Big Models Equal Small Town Test-Takers: Explaining LLM in Simple Language

An in-depth and easy-to-understand analysis of LLM technology will help you understand the story of how AI became a "top student".
Core content:
1. Pre-training stage: How AI "chews textbooks" through massive data
2. Fine-tuning process: How to train AI to be a "test-taker"
3. The potential and challenges of large models: the transformation from a "test-taker" to a "creator"
When we marvel at ChatGPT's fluent answering wisdom, have you ever thought about the learning process of this "student master"? It is actually very similar to a small town test-taker who studies hard - repeatedly training in a vast question bank, "chewing textbooks" through pre-training, and then "brushing five-three simulations" in the fine-tuning stage, and finally passing the "college entrance examination" in the digital world. But what kind of amazing technical truth is hidden behind this figurative metaphor?
Pre-training: AI’s “nine-year compulsory education”
If we compare the AI model to a student, the pre-training phase is the entire process of its basic education. This process is like "feeding" the machine with the world's knowledge (including the entire Internet) - from the Four Books and Five Classics to online jokes, from scientific research documents to recipe guides, the average daily "reading volume" is equivalent to the knowledge accumulated by humans for thousands of years.
Three magic weapons for building a "digital brain"
Data food: Swallowing terabytes of text every day (equivalent to millions of novels), and forming knowledge reserves through cleaning and filtering
Neural Network Classroom: Transformer architecture is like a special teacher, using the "self-attention" mechanism to teach AI to understand contextual relationships
Unsupervised self-learning: Cover part of the text and let AI fill in the blanks (MLM task), training the reasoning ability of "seeing the beginning and knowing the end"
This process is like letting AI practice in a library. When it can connect "The sun sets behind the mountains" to "The Yellow River flows into the sea", it has completed the basic cognitive construction. But at this time, AI is like a junior high school graduate who has a lot of knowledge but doesn't know how to use it.
If AI just memorizes all the knowledge points, can it be considered to truly "understand" the knowledge? Leave a message in the comment section to discuss.
Fine-tuning: "Experts in Problem Solving" Created by the Sea of Questions Strategy
When the basic model has a knowledge reserve of 70 points, engineers begin to implement "devil training" - through supervised learning and reinforcement learning, they turn "nerds" into "exam experts".
Supervised learning: one-on-one tutoring by famous teachers
Manually annotated tens of thousands of high-quality questions and answers (such as "Who is the author of "Quiet Night Thoughts"? → Li Bai")
The model learns to standardize problem-solving ideas by correcting wrong answers
This process is similar to a teacher marking homework, marking errors with a red pen.
Reinforcement Learning: Mock Exam Sprint Training
Build a reward model (RM) as a "grading teacher" to score AI answers
Let AI generate 10 answer variations, select the highest-scoring version and iterate and optimize
Just like students familiarize themselves with the grading criteria through mock exams and figure out the "scoring points"
After this "sea of questions" strategy, the accuracy of AI's answers can be increased from 70% to 90%+. But what is shocking is that this process consumes enough electricity to power a small city for a year, and the labeling cost is as high as millions.
Technology Mirror: The "Innate Deficiencies" of AI Scholars
Although the big model can get high scores in the college entrance examination essay, it is still essentially an "advanced repeater" (a parrot).
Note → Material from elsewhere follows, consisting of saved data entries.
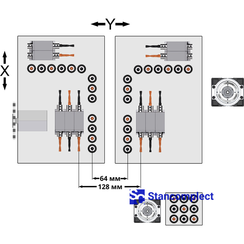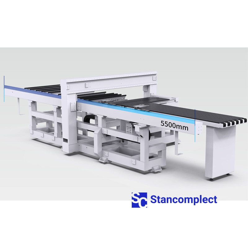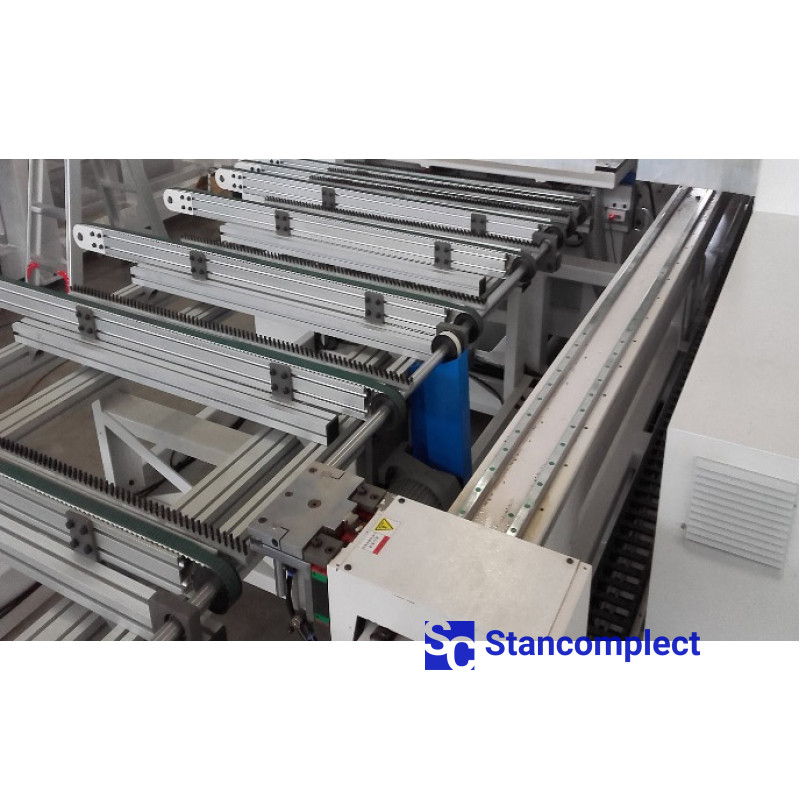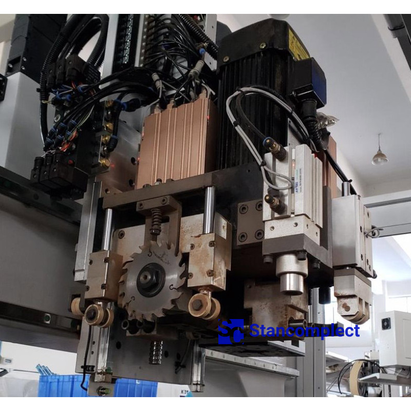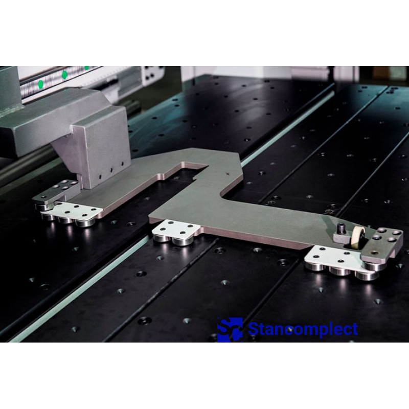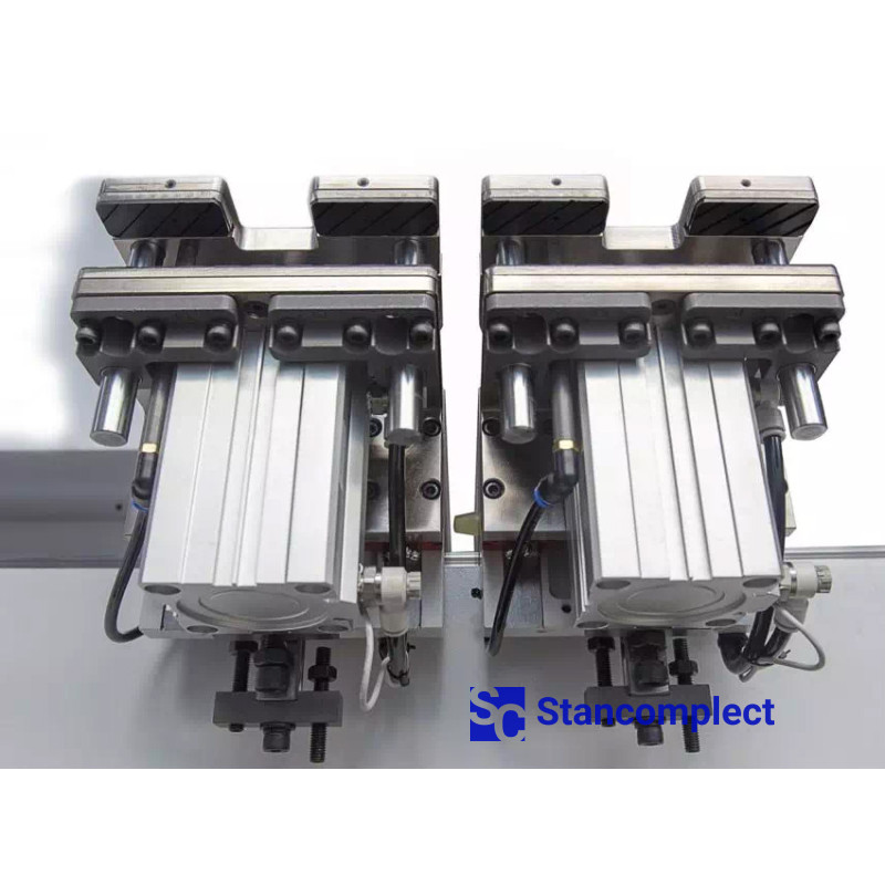 The machine is equipped with two powerful positioning clamps that move the workpiece along the X axis relative to the drilling axis. The movement of the clamps takes place on prismatic guides, which makes it possible to reach a travel speed of 140 m/min.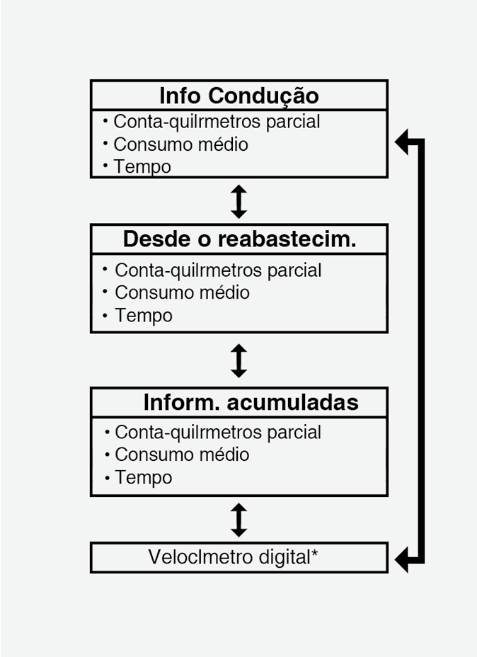 Este ecrã indica a distância da viagem, a eficiência média de combustível e a eficiência instantânea de combustível (ou o tempo de condução total) desde o reabastecimento.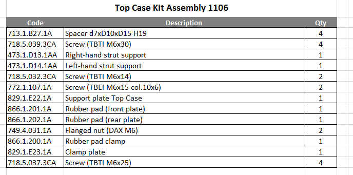 Thanks to @Andrew G and an assembly PDF I found on t'internet, I've managed to pull a list of the parts together to make a topbox mount. I've only ordered the bits today, so I can't guarantee everything is spot on, but it should be. JHP have kept my spreadsheet for future reference anyway. The parts in total came to £200 incl. VAT, so it's not necessarily a cheap option - I just didn't want to pay £446 for the box and the rack when the box is too big for what I want. I'm sure I can get a decent GIVI monokey topbox for under £150 - so going this route I should still save around £100 I guess. The only thing left to order is 4 GIVI screw covers for the top of the rack when there's no box on. You can get those on eBay separately for a couple of quid. I've attached the sheet in case it's of any use to anyone.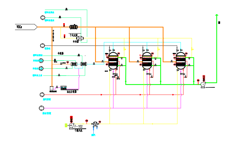采用熱氮?dú)饣蝻柡退魵饷摳降耐钆淅淠到y(tǒng),來(lái)實(shí)現(xiàn)對(duì)VOCs的回收再利用。由于水蒸氣載熱量大,尤其是其潛熱;且脫附溫度適中,不會(huì)破壞有機(jī)物,因此水蒸氣是最常用的脫附劑。

Some cruel truths:
Knowledge timeliness : After the training data is cut off, AI is "ignorant" of news events
Logical weakness: It is easy to make mistakes when faced with the trap question "Which is heavier, 10 kilograms of iron or 10 kilograms of cotton?"
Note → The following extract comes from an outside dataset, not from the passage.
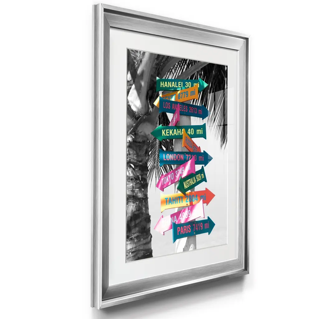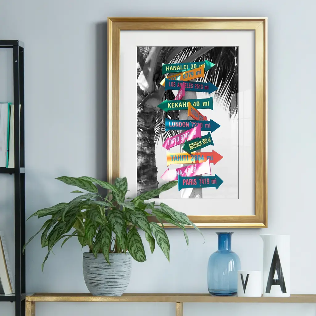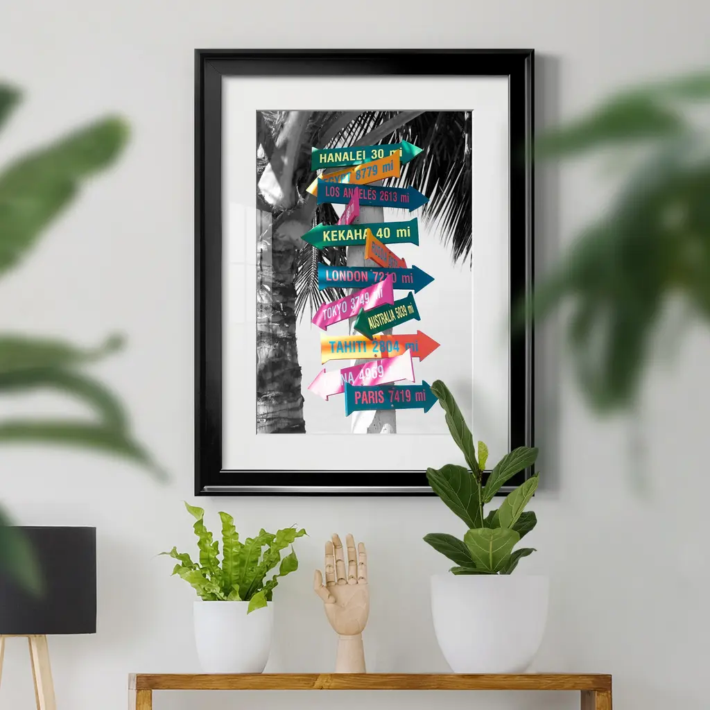 Island Directional Premium Framed Print - Ready to Hang A Premium Framed Print created to last. Framed in distressed wood and available in an array of sizes and colors Featuring a beveled a solid wood stretcher bar, each piece comes ready to hand 4 SIZES AVAILABLE 30.5''X42.5'' - Overall Size 26.5'X36.5'' - Overall Size 22''x30'' - Overall Size 18''x24'' - Overall Size Each piece is made to order. Each piece comes with hanging hardware. Made in the USA Ready to Hang Giclee Paper Print Acrylic Glass Beveled Matt Board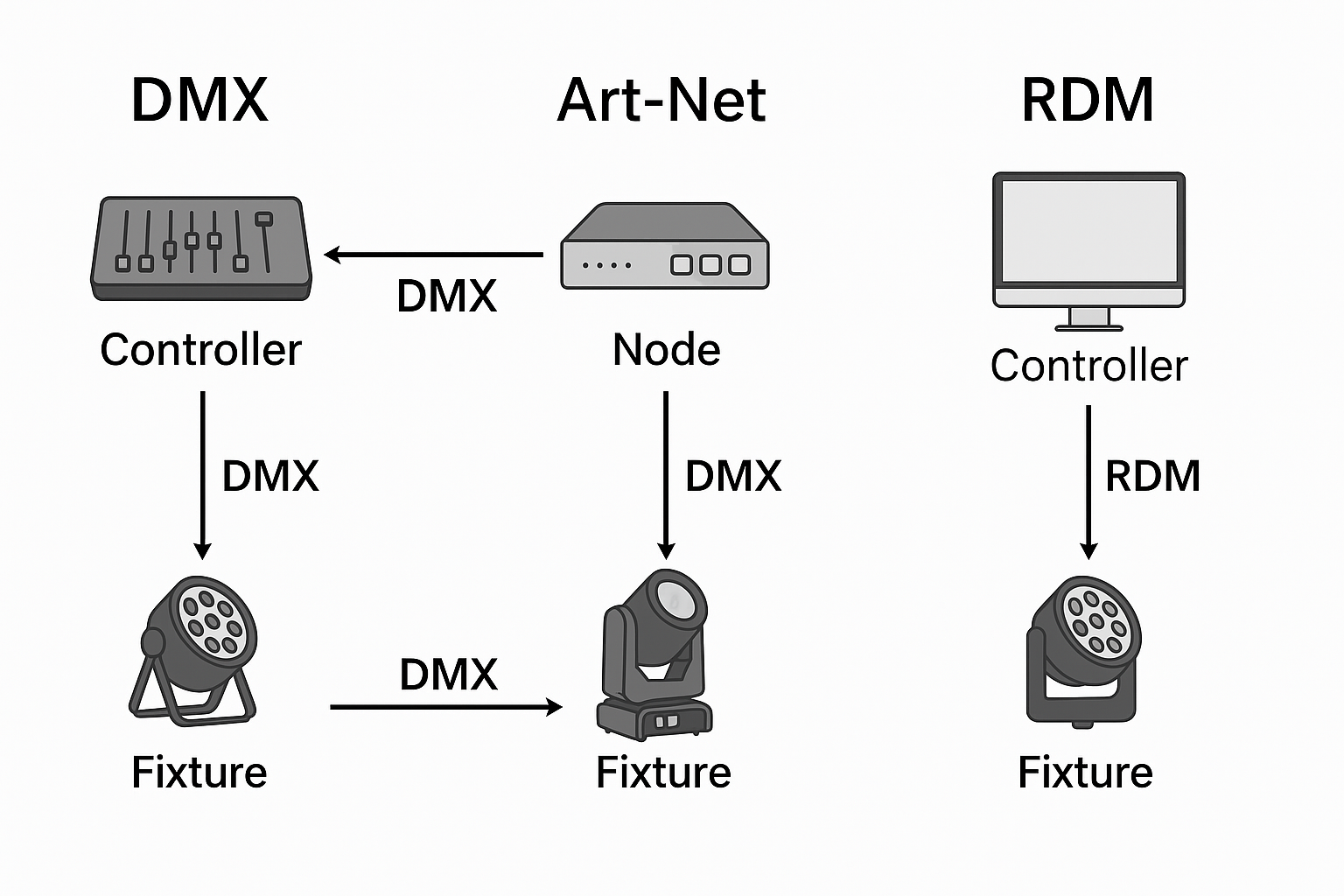 Modern stage lighting relies on far more than power and brightness—it demands precision, coordination, and adaptability. This is where lighting control protocols come into play. Among the most widely adopted technologies in professional lighting systems are DMX, Art-Net, and RDM. Together, these three protocols enable lighting designers and technicians to build intelligent networks of fixtures that are flexible, efficient, and remotely manageable.

Value risk: dangerous content with training data bias may be output
Energy black hole: The carbon emissions from training GPT-3 are equivalent to the lifetime emissions of 5 cars
When AI is better at taking exams than humans, will the essence of education be alienated?
Outlook: From "Test-taker" to "Creator"
The current large-scale model has shown amazing potential:
Legal AI: Generate professional indictments in 3 seconds with an accuracy rate of over 90%
Medical assistants: interpret CT images 100 times faster than doctors
Coding mentors: can find code vulnerabilities that human programmers overlook
However, in order for AI to break through the limitations of "test solvers", it still needs to break through:
Multimodal fusion: Let AI understand drawings and dialects
Continuous learning: Establish a dynamic knowledge updating mechanism
Super Alignment: Building an Ethical "Digital Lifestyle"
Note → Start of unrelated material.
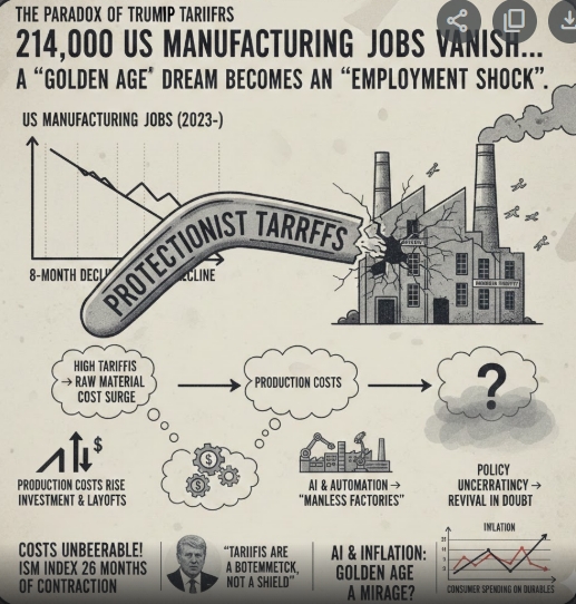 고율 관세가 원자재 가격 폭등 초발 → 생산 단가 상승 → 기업 투자 위축 및 감원 악순환
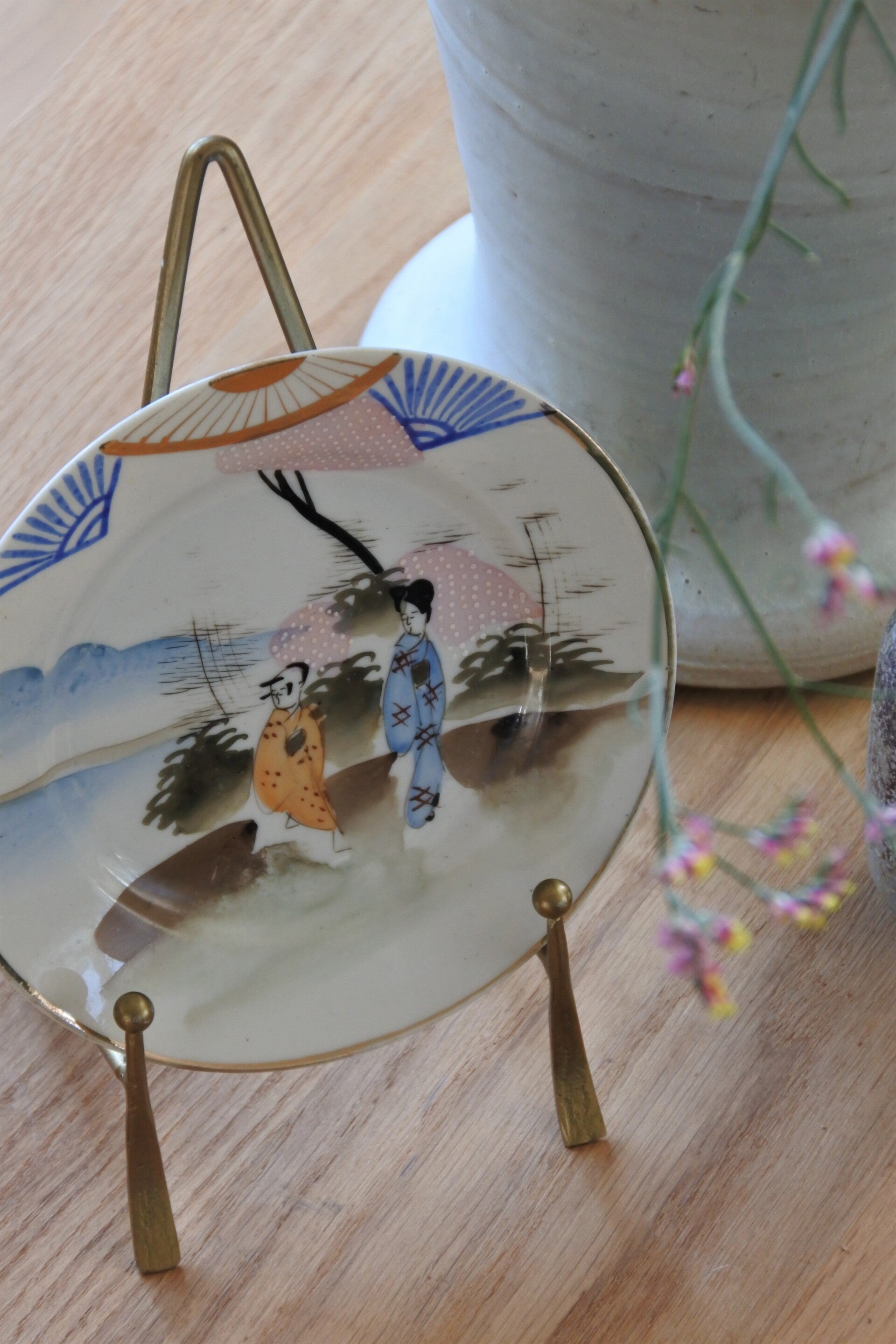 Een prachtig bordje met goudkleurige rand en kleurijke tekening van een oosters tafereel. De kleur goud lijkt er wel op te zijn gelegd wat het bordje met recht een echt sierbordje maakt. Te mooi om te gebruiken als je het ons vraagt!

Symbiosis between humans and AI
The development trajectory of the AI big model is just like a microcosm of the Chinese education system - transforming "knowledge containers" into "problem-solving tools" through systematic training. But the true meaning of education is not to cultivate a perfect answering machine, but to inspire the spark of wisdom. When AI is invincible in digital examination halls, humans need to protect the originality of ideas and the warmth of the soul. This dance between humans and AI may be the most worthwhile chapter to write in the intelligent era.